The current administration also asked the high court to vacate the decision and has signaled it views the rules as legally flawed, indicating it is considering a new rulemaking to correct those errors. With the case now back at the D.C. Circuit, ACCA urges the court and the current administration to use the opening to develop furnace standards that respect the law and reflect contractor expertise.

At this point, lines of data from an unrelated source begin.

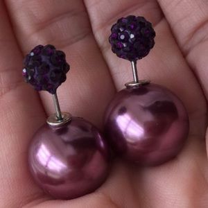 Blackberry colored fireball goes through earlobe to connect to large marble-sized portion. Large orb is the back of the earring and is intended to fit behind the earlobe. For pierced ears. May seem large is wearer is unaccustomed to double side earrings. Not shaped like blackberries. Brand new in package. No trades, no holding, no PP. 2/$15, 3/$22, 4/$29, 5/$35, 6/$40.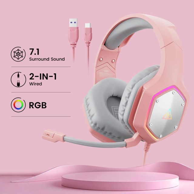 EKSA E1000 V2 RGB Gaming Headphones with Microphone 7.1 Surround Sound Wired Headset Gamer for PC/PS4/PS5/Switch/Phone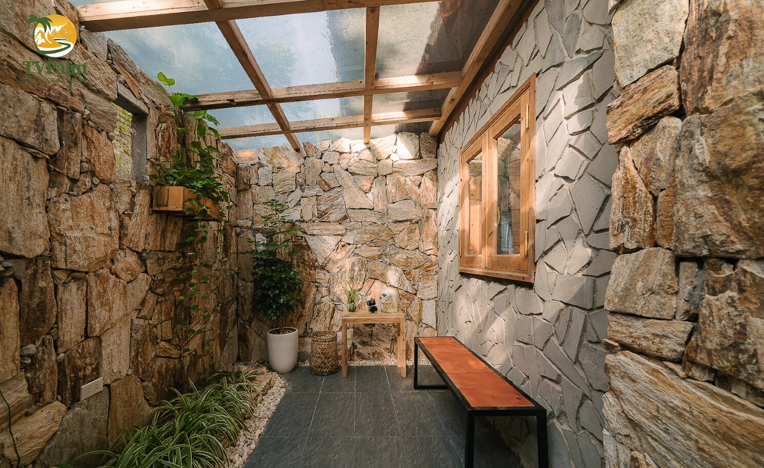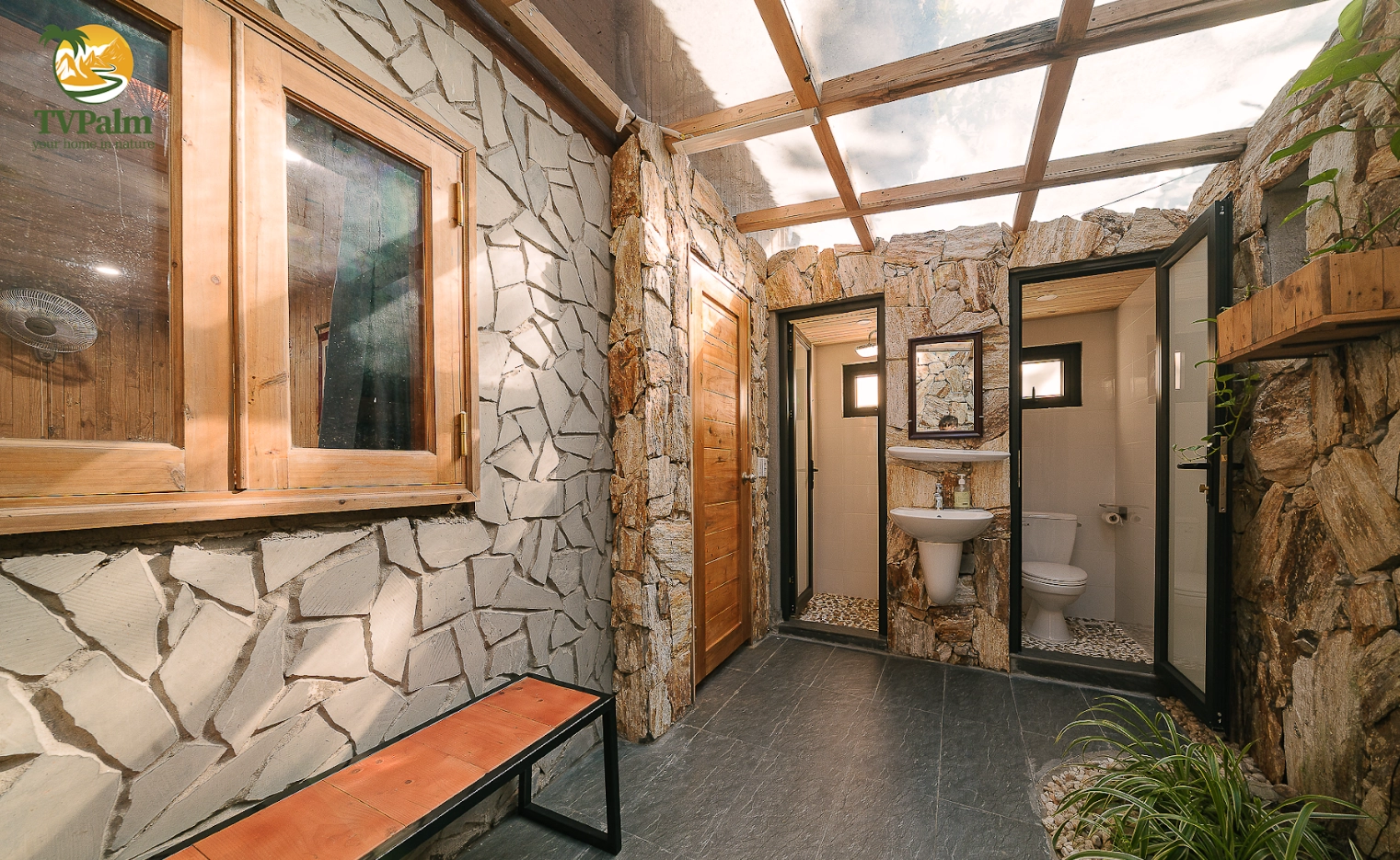 The family room at TVPalm Ecolodge offers a uniquely designed private space, featuring a separate bathroom and toilet. This area is complemented by an outdoor play area that embraces nature, highlighted by wooden, stone, and plant elements that promise to provide relaxation during your stay.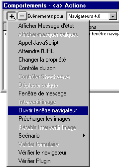 Dans la barre d'outil de la fenêtre "Comportements" choisissez les types de navigateurs pour lesquels vous travaillez. Dans l'état actuel des choses, préférez les navigateurs 4 aux versions ultérieures qui ne sont pas compatibles entre elles. Cliquez ensuite sur le signe + de la fenêtre "Comportements" et choisissez "Ouvrir fenêtre navigateur" |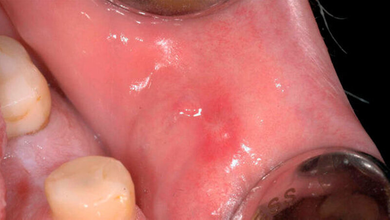 Ein 49 Jahre alter Patient wurde der Klinik zur Abklärung einer seit fünf Jahren persistierenden Mundschleimhautveränderung zugewiesen. Der Mann war zum Zeitpunkt der Erstuntersuchung beschwerdefrei, hatte aber seit zwei Jahren eine kontinuierliche Größenzunahme der Läsion beobachtet. Klinisch präsentierte sich eine runde, gestielte, weiche, verschiebliche, 9×9 mm große, gut durchblutete Veränderung mit einem zentralen Ulkus an der bukkalen Mukosa regio 35 (Abbildung 1).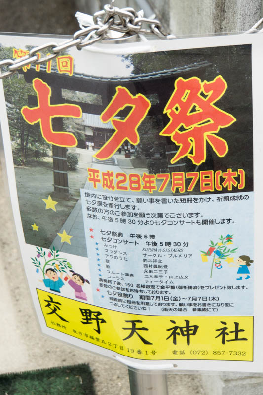 | 7/7(木) 17:00〜 | 第11回 七夕祭 | 交野天神社 →地図 →張り紙 コンサート有 |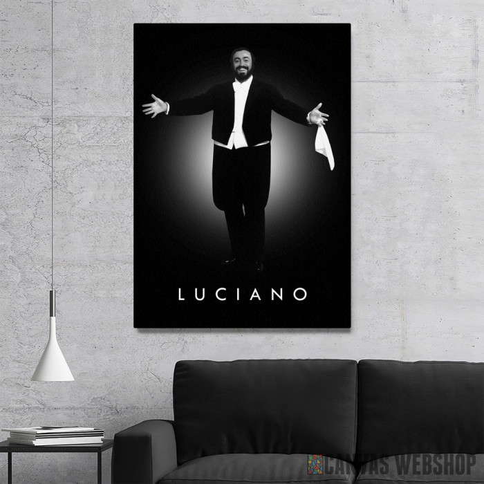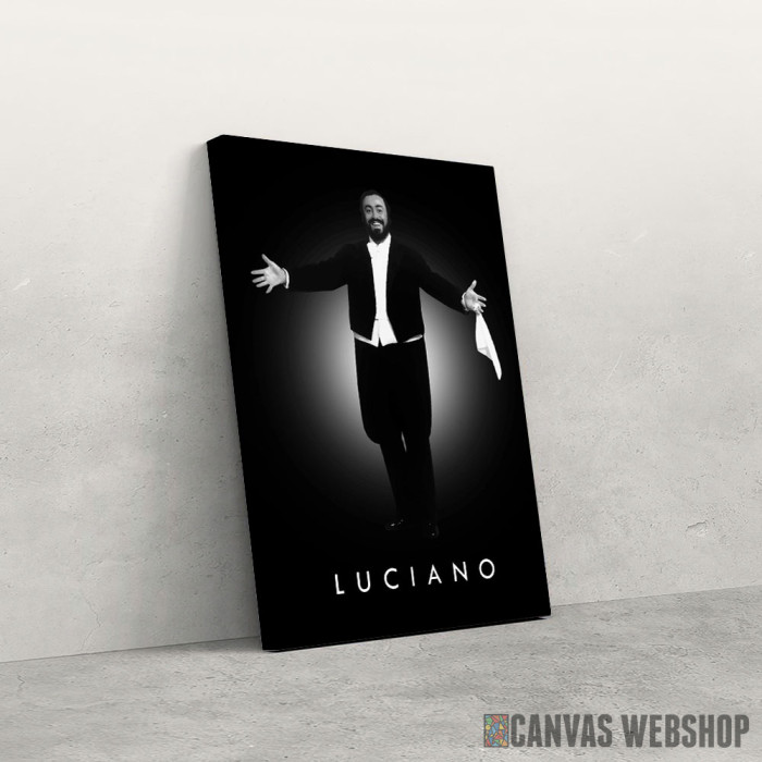 Luciano Pavarotti je slika odštampana na kvalitetnom pamučnom platnu koje je zategnuto na ram od bukovog drveta. Slika Luciano Pavarotti je dostupna u različitim dimenzijama.

What the non-condensing furnace ruling means for HVAC contractors and homeowners
For HVAC contractors and their customers, the stakes have always been about affordability and choice. Retrofitting older homes and businesses to accommodate condensing furnaces often requires costly structural modifications and can create real safety concerns — inadequate ventilation, frozen attic condensate drains, and ice on public walkways. Limiting choice this way can also put necessary efficiency upgrades like dual-fuel heat pumps out of reach, pushing some families to postpone improvements and lean on inefficient alternatives like space heaters and window units.
Protecting fuel and technology choice: What comes next
This ruling is a significant win, but the broader fight over fuel and technology choice continues. Regulators in several states have moved to restrict access to natural gas equipment or strip away incentives for it, while others have acted to protect that access.
ACCA continues to support the Energy Choice Act (H.R. 3699/S. 1945) and broader reform of EPCA so that all Americans keep access to a full range of efficient, safe, and affordable heating choices. HVAC contractors who want to get involved can take action by signing ACCA’s ACTion Alert and reaching out to their members of Congress.
ACCA will keep monitoring this developing situation and updating our contractor members as the case moves forward.